Sudan locked in the horns of the Kremlin

In a country long-ravaged by war, speculation about the depth and purpose of its political ties with Moscow has grown as civil war has dragged on

In a region where wider geopolitical change is taking hold, speculation about the depth and purpose of Moscow’s ties with Khartoum has deepened throughout the civil war. Al Majalla explains.
Sebastien Thibault
In a region where wider geopolitical change is taking hold, speculation about the depth and purpose of Moscow’s ties with Khartoum has deepened throughout the civil war. Al Majalla explains.

Sudan locked in the horns of the Kremlin

Since the eruption of the civil war in Sudan, speculation has been ripe over the exact extent of Russia’s military involvement in the country.

The longer the conflict continues, the more questions are being asked. The answers could prove significant over the country's balance of power and the wider regional and global geopolitical implications.

Russia first became associated with the war in its early days. Yevgeny Prigozhin, the leader of the country’s paramilitary Wagner Group, positioned himself as a mediator between the sides. He claimed to have good relations with both the regular army and the rival militia, Rapid Support Forces (RSF).

Prigozhin even pledged to help bring peace to Khartoum, his words coming at a time when CNN reported that Wagner was arming the RSF, not least with surface-to-air missiles from neighbouring Libya.

But the war has outlasted Wagner’s founding father, who died in an August plane crash in Russia. Just days beforehand, he had met with RSF envoys in Sudan.

Roots of Russian influence

Russian influence in Africa — be it official or unofficial — is not new. It has also been long-present in Sudan — and at the highest level.

In 2017, when Omar al-Bashir was president of the country, he visited Russia. He asked its leader, Vladimir Putin, for protection from what he claimed was American hostility toward his government.

AFP
Russian President Vladimir Putin (L) shakes hands with his Sudanese counterpart Omar al-Bashir during a meeting in Sochi on November 23, 2017.

Al-Bashir proposed that Russia could use Sudan as a gateway to Africa and the Red Sea.
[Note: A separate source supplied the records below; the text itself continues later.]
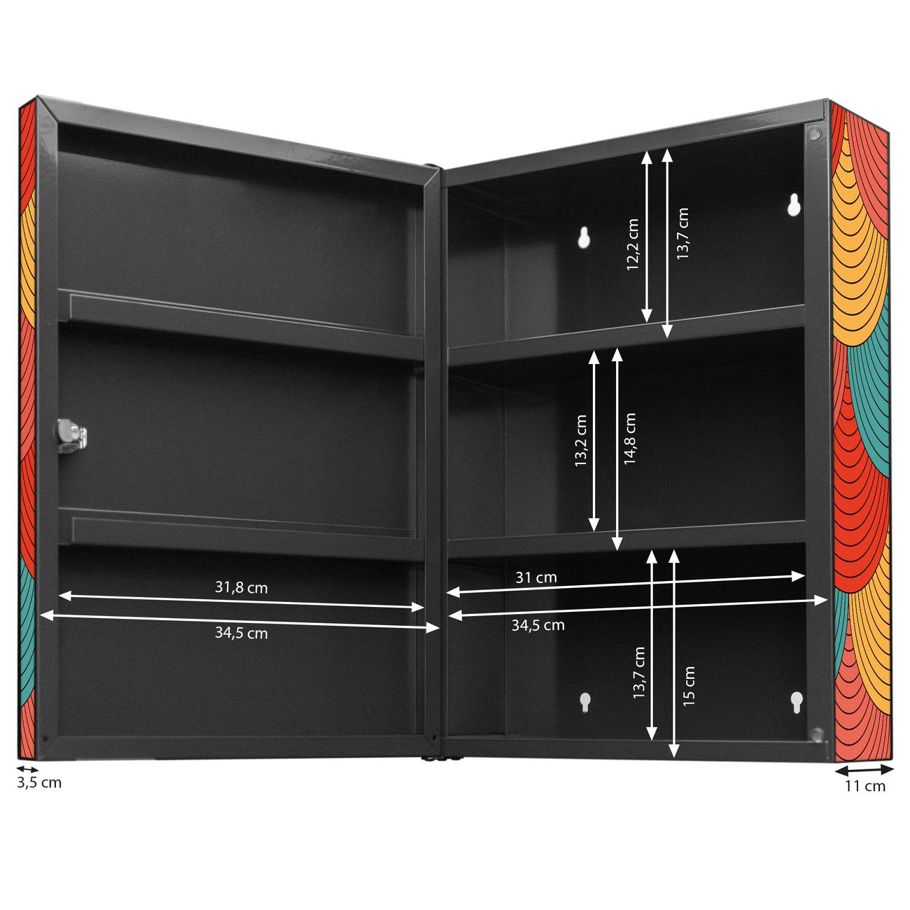 Der Medizinschrank ist gesamt 35x46x15cm groß und wiegt ca. 3900g. Der Türanschlag ist links und kann nicht verändert werden, die Fronttür öffnet ca. 115°. Die Folierung befindet sich auf der Front und den Seiten. Das Gehäuse ist zeitlos anthrazit und aus Stahl gefertigt. Die innenliegenden Fächer haben verschiedene Größen für unterschiedliche Aufbewahrungsmöglichkeiten, in der Innentür können ebenfalls Dinge abgelegt werden. Befestigt wird der Medizinschrank an 4 Stellen auf der Rückseite, Sie erhalten 3 Schlüssel.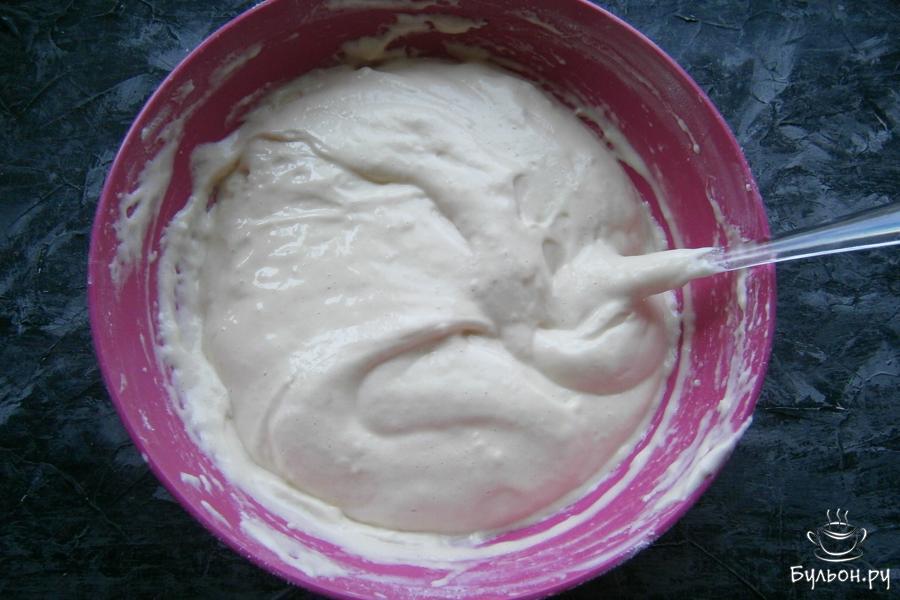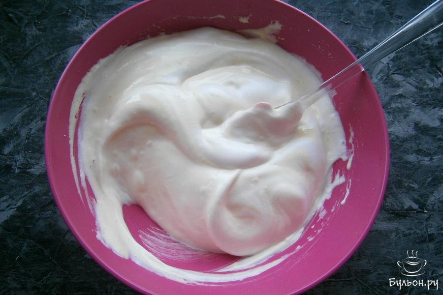 1. Охлажденные белки 4 яиц взбить миксером до пышной, с устойчивыми пиками пены. Постепенно всыпая 60 г сахарного песка, продолжать взбивать все теперь уже до плотной и устойчивой массы.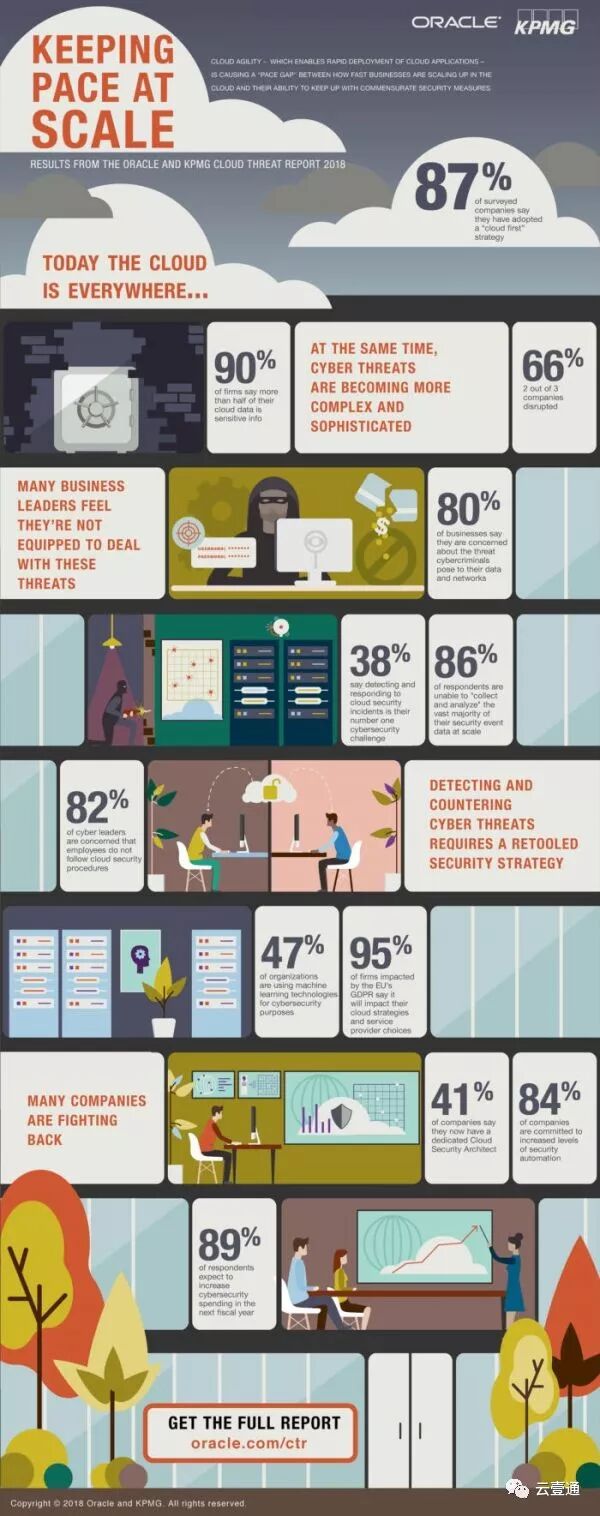 根据2018年Oracle和毕马威云计算威胁报告,87%的公司现在采用云优先战略,90%的公司表示他们在云中拥有的数据中有一半是敏感的。来自同一报告的数据显示,虽然这些公司已采取积极的方式采用云,但安全实践和政策似乎并没有赶上。
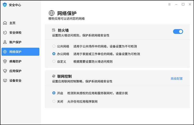 银河麒麟桌面操作系统V10(SP1)2203在系统安全方面带来了更加便利的网络保护和应用保护。一方面,经过系统持续迭代升级,网络保护已具备防火墙和联网控制功能。用户可以通过设置防火墙访问规则,保护系统网络安全性。当开启防火墙,系统会提供公共网络、办公网络、自定义三种访问模式让用户选择,而联网控制又能自动提示未授权的应用和服务联网,最大范围保护用户免遭网络攻击。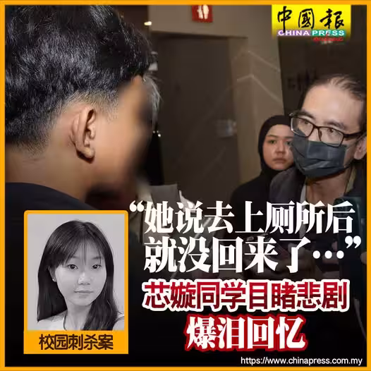 (吉隆坡16日訊)「男中學生刺死學姐」震驚全國,同班男同學首度現身,親揭葉芯嫙遇害前驚魂時刻!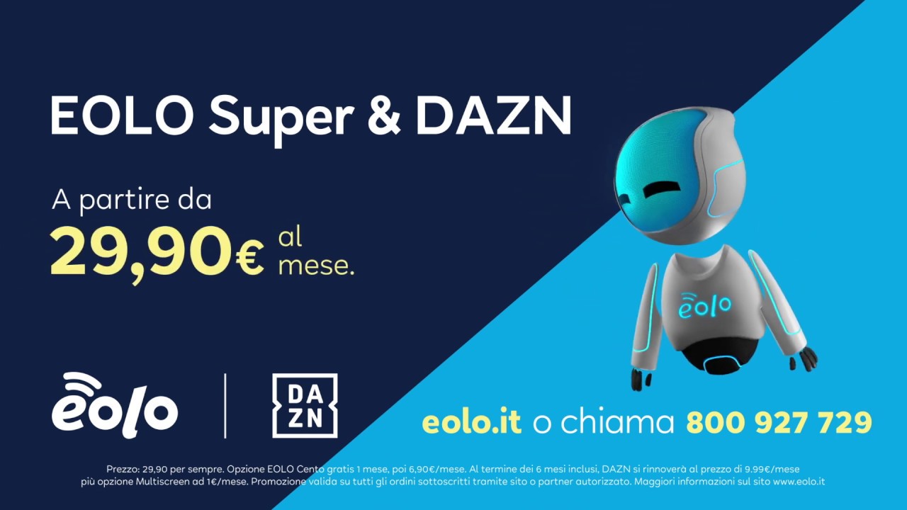 Al termine dei 6 mesi promozionali, i clienti Eolo Super potranno decidere se sospendere l’abbonamento a DAZN oppure se continuare ad usufruire del servizio al costo di 9,99 euro al mese (prezzo di listino). In tal caso, il costo mensile verrà inserito direttamente nella fattura di Eolo, così da avere tutto unificato. Se si rinnovasse l’abbonamento al servizio, si avrebbe accesso anche all’opzione Multiscreen al prezzo promozionale di 1 euro invece che di 5.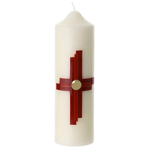 Círio de mesa cruz dois tons vermelhos 16x5 cm.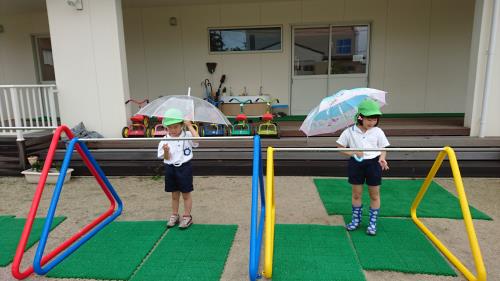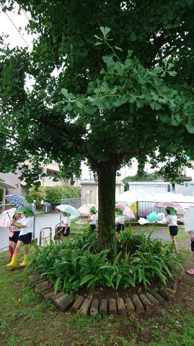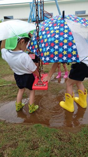 みんなで傘のさし方について話し合い、危険のないよう傘をさして雨の日の戸外へ・・・。傘に落ちる雨音を聴いたり、園庭の鉄棒やフェンス、遊具についている水滴を発見したり、草花や野菜についている水滴を指に落として遊んだり、水溜りの中に入って楽しんだりと雨ならではの遊びを楽しんでいます。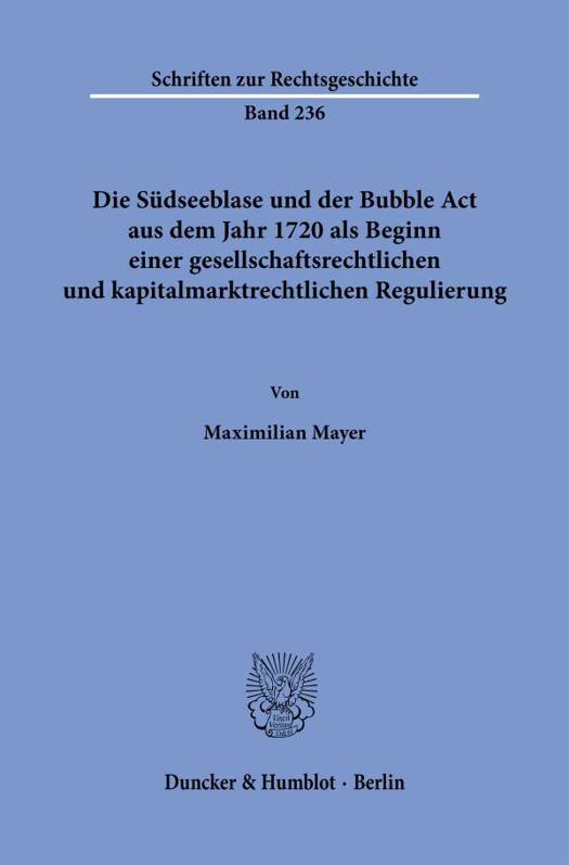 Spekulationsblasen sind seit Jahrhunderten ein fester Bestandteil der Wirtschafts- und Finanzgeschichte. Beginnend mit der Tulpenblase über die Südseeblase und den Gründerkrach bis hin zur Dotcom- und Kryptoblase lassen sich immer wieder vergleichbare Marktphasen erkennen. Die Südseeblase sticht hierbei besonders hervor, steht jedoch bis heute - zu Unrecht, wie die vorliegende Arbeit darlegt - sowohl in der Wissenschaft als auch in der breiten Öffentlichkeit im Schatten der bekannteren Tulpenblase. Die Südseeblase stellt nicht nur ein einschneidendes Ereignis für die gesellschaftsrechtliche und kapitalmarktrechtliche Entwicklung in Großbritannien dar, sondern ist auch ein Paradebeispiel für die Gier und menschliche Psychologie im Wirtschaftssystem. Daneben lässt sich an der Südseeblase in beeindruckender Weise die politische Lage der damaligen Zeit sowie die Herausforderungen der noch jungen parlamentarischen Monarchie nachzeichnen - es verwundert insoweit nicht, dass mit Robert Walpole der erste Premierminister Großbritanniens aus der Südseeblase hervorgegangen ist. Die vorliegende Arbeit versucht dabei die Vorgänge um die Südseeblase in einen juristischen, aber auch interdisziplinären Kontext zu setzen, ohne dabei aktuelle Bezüge - die es reichlich gibt - zu vernachlässigen.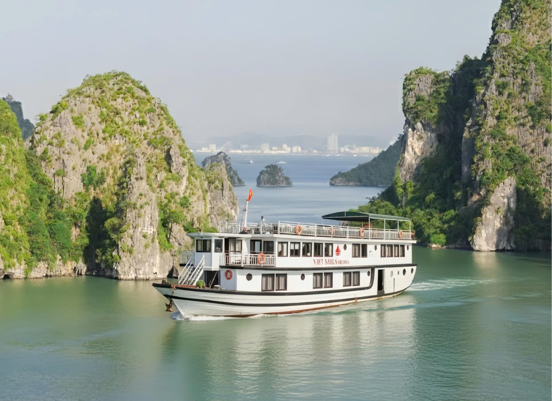 Viet Sails Cruise is a cozy 4-star wooden cruise operating in Halong Bay. Designed in a traditional wooden style, the cruise offers a warm atmosphere and comfortable facilities for a relaxing onboard experience. Viet Sails Cruise sails on the Bai Tu Long Bay route, a quieter area known for its peaceful scenery and fewer crowds, ideal for travelers seeking a calm and uncrowded journey.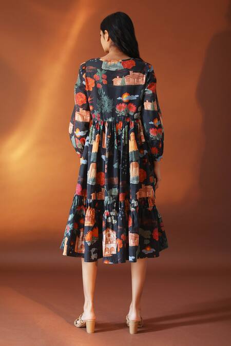 Black hemp & cotton blend floral printed tiered midi dress.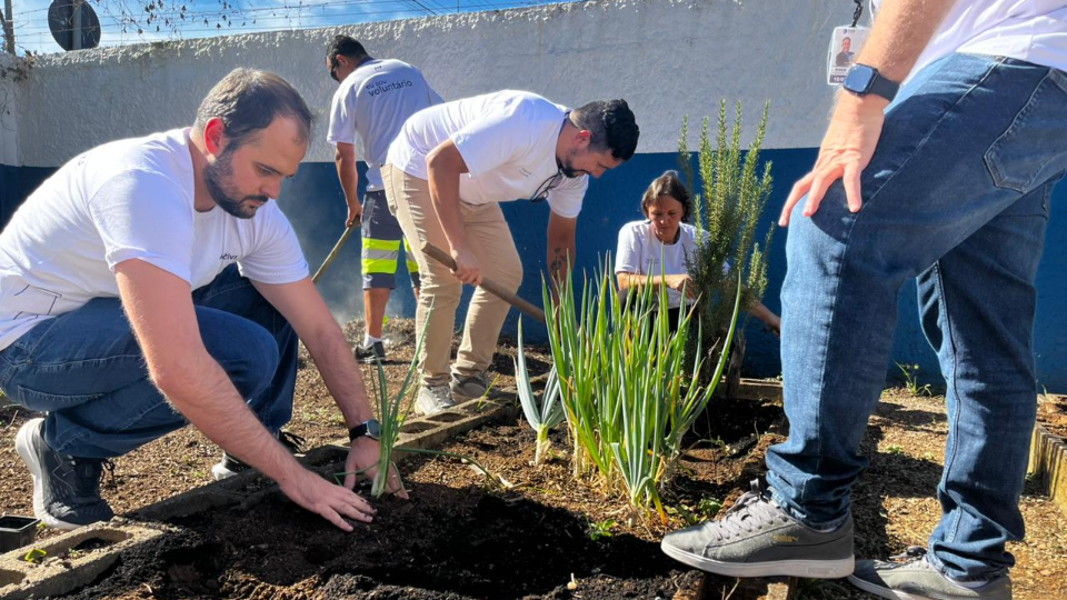 Colaboradores da Motiva Aeroportos plantando mudas na horta da escola. Crédito: Rodrigo ZanottoCerca de 30 voluntários do Aeroporto Internacional Afonso Pena e do Aeroporto de Bacacheri, administrados pela Motiva Aeroportos, realizaram nesta terça-feira (22) uma ação de voluntariado na Escola Municipal Professora Lourdes Bonin, em São José dos Pinhais, com atividades voltadas à sustentabilidade, saúde mental e integração com os alunos.
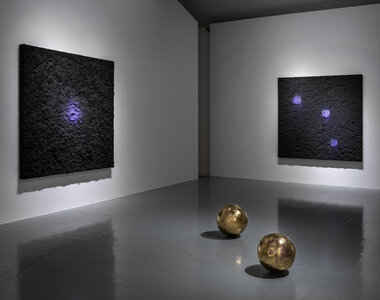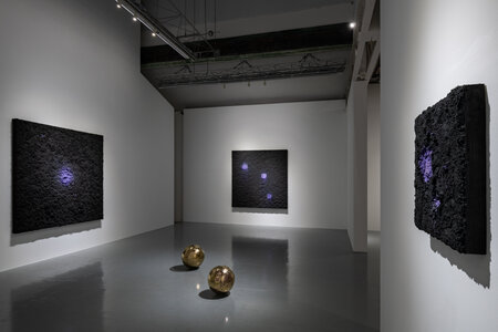 黒地に紫が印象的なキャンバスが壁面を取り囲んでいます。おが屑と他素材を調合した独自のメディウムを表面に施し、乾く過程で表面に生じたひび割れをも自然のジェスチャーとして包摂した絵画作品です。ソディの素材への探求心は、かつて化学工学を学び、またアントニ・タピエス(1923-2012)をはじめとする美術家達によってもたらされた多様なバックグランドによって培われています。また、キャリアの初期の頃から使用しているおが屑については、画家ジョルジュ・ブラック(1882-1963)の実践に感化されたことも明かしています。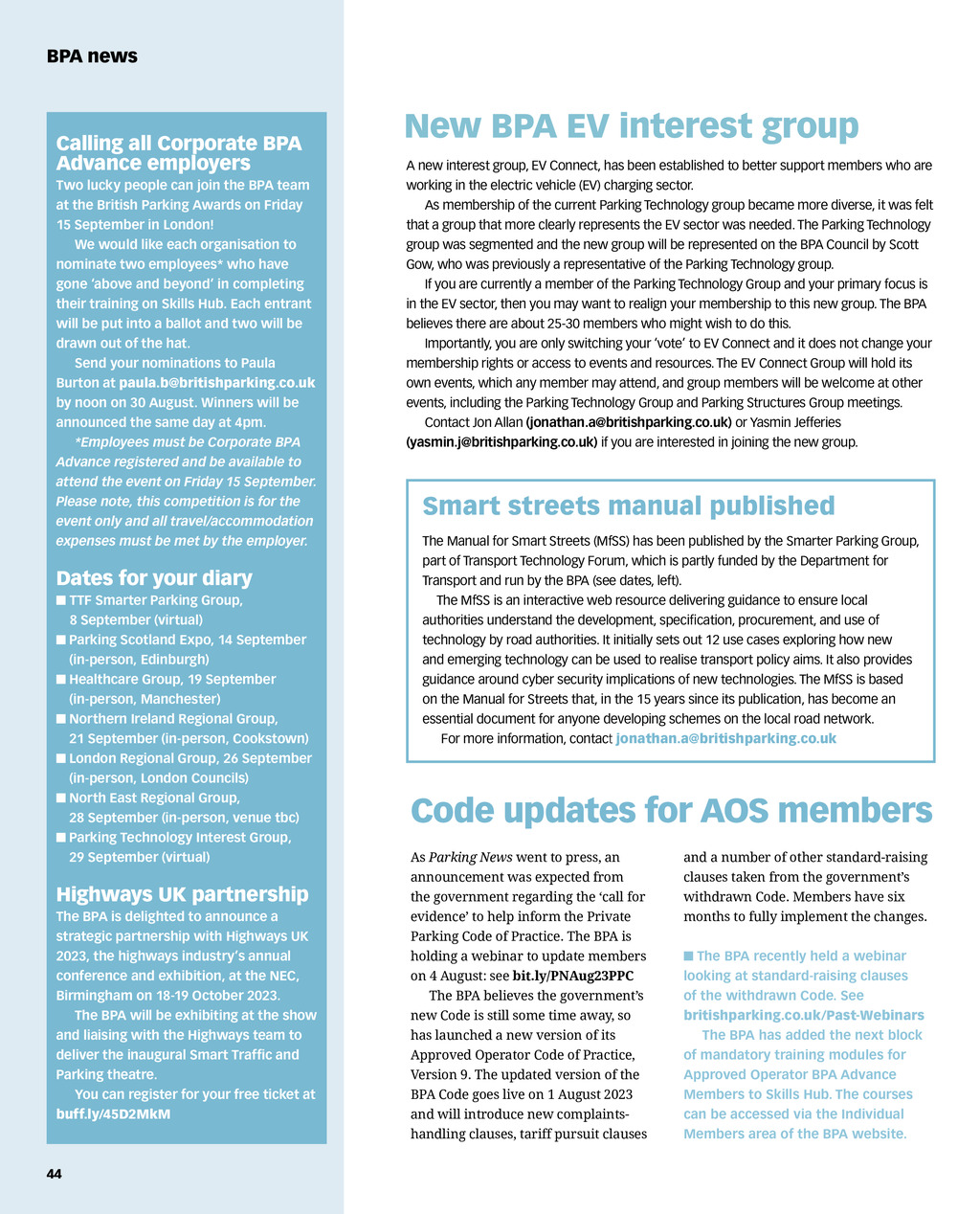 BPA news Calling all Corporate BPA Advance employers Two lucky people can join the BPA team at the British Parking Awards on Friday 15 September in London! We would like each organisation to nominate two employees* who have gone above and beyond in completing their training on Skills Hub. Each entrant will be put into a ballot and two will be drawn out of the hat. Send your nominations to Paula Burton at paula.b@britishparking.co.uk by noon on 30 August. Winners will be announced the same day at 4pm. *Employees must be Corporate BPA Advance registered and be available to attend the event on Friday 15 September. Please note, this competition is for the event only and all travel/accommodation expenses must be met by the employer. Dates for your diary TTF Smarter Parking Group, 8 September (virtual) Parking Scotland Expo, 14 September (in-person, Edinburgh) Healthcare Group, 19 September (in-person, Manchester) Northern Ireland Regional Group, 21 September (in-person, Cookstown) London Regional Group, 26 September (in-person, London Councils) North East Regional Group, 28 September (in-person, venue tbc) Parking Technology Interest Group, 29 September (virtual) Highways UK partnership The BPA is delighted to announce a strategic partnership with Highways UK 2023, the highways industrys annual conference and exhibition, at the NEC, Birmingham on 18-19 October 2023. The BPA will be exhibiting at the show and liaising with the Highways team to deliver the inaugural Smart Traffic and Parking theatre. You can register for your free ticket at buff.ly/45D2MkM 44 New BPA EV interest group A new interest group, EV Connect, has been established to better support members who are working in the electric vehicle (EV) charging sector. As membership of the current Parking Technology group became more diverse, it was felt that a group that more clearly represents the EV sector was needed. The Parking Technology group was segmented and the new group will be represented on the BPA Council by Scott Gow, who was previously a representative of the Parking Technology group. If you are currently a member of the Parking Technology Group and your primary focus is in the EV sector, then you may want to realign your membership to this new group. The BPA believes there are about 25-30 members who might wish to do this. Importantly, you are only switching your vote to EV Connect and it does not change your membership rights or access to events and resources. The EV Connect Group will hold its own events, which any member may attend, and group members will be welcome at other events, including the Parking Technology Group and Parking Structures Group meetings. Contact Jon Allan (jonathan.a@britishparking.co.uk) or Yasmin Jefferies (yasmin.j@britishparking.co.uk) if you are interested in joining the new group. Smart streets manual published The Manual for Smart Streets (MfSS) has been published by the Smarter Parking Group, part of Transport Technology Forum, which is partly funded by the Department for Transport and run by the BPA (see dates, left). The MfSS is an interactive web resource delivering guidance to ensure local authorities understand the development, specification, procurement, and use of technology by road authorities. It initially sets out 12 use cases exploring how new and emerging technology can be used to realise transport policy aims. It also provides guidance around cyber security implications of new technologies. The MfSS is based on the Manual for Streets that, in the 15 years since its publication, has become an essential document for anyone developing schemes on the local road network. For more information, contact jonathan.a@britishparking.co.uk Code updates for AOS members As Parking News went to press, an announcement was expected from the government regarding the call for evidence to help inform the Private Parking Code of Practice. The BPA is holding a webinar to update members on 4 August: see bit.ly/PNAug23PPC The BPA believes the governments new Code is still some time away, so has launched a new version of its Approved Operator Code of Practice, Version 9. The updated version of the BPA Code goes live on 1 August 2023 and will introduce new complaintshandling clauses, tariff pursuit clauses and a number of other standard-raising clauses taken from the governments withdrawn Code. Members have six months to fully implement the changes. The BPA recently held a webinar looking at standard-raising clauses of the withdrawn Code. See britishparking.co.uk/Past-Webinars The BPA has added the next block of mandatory training modules for Approved Operator BPA Advance Members to Skills Hub. The courses can be accessed via the Individual Members area of the BPA website.

An agreement was reached to establish a naval base for Russia on Sudan’s coast.

Moscow’s backing for al-Bashir steadily increased, up to his downfall in 2019. In January of that year, just a few weeks before the regime ended, Russia’s Foreign Ministry openly acknowledged the presence of Wagner in Sudan and its support for the government.

A spokesman said: “Russian private security companies, unrelated to the Russian state apparatus, are indeed operating in Sudan,” adding that their tasks were limited to “training military personnel and law enforcement agencies in the Republic of Sudan.”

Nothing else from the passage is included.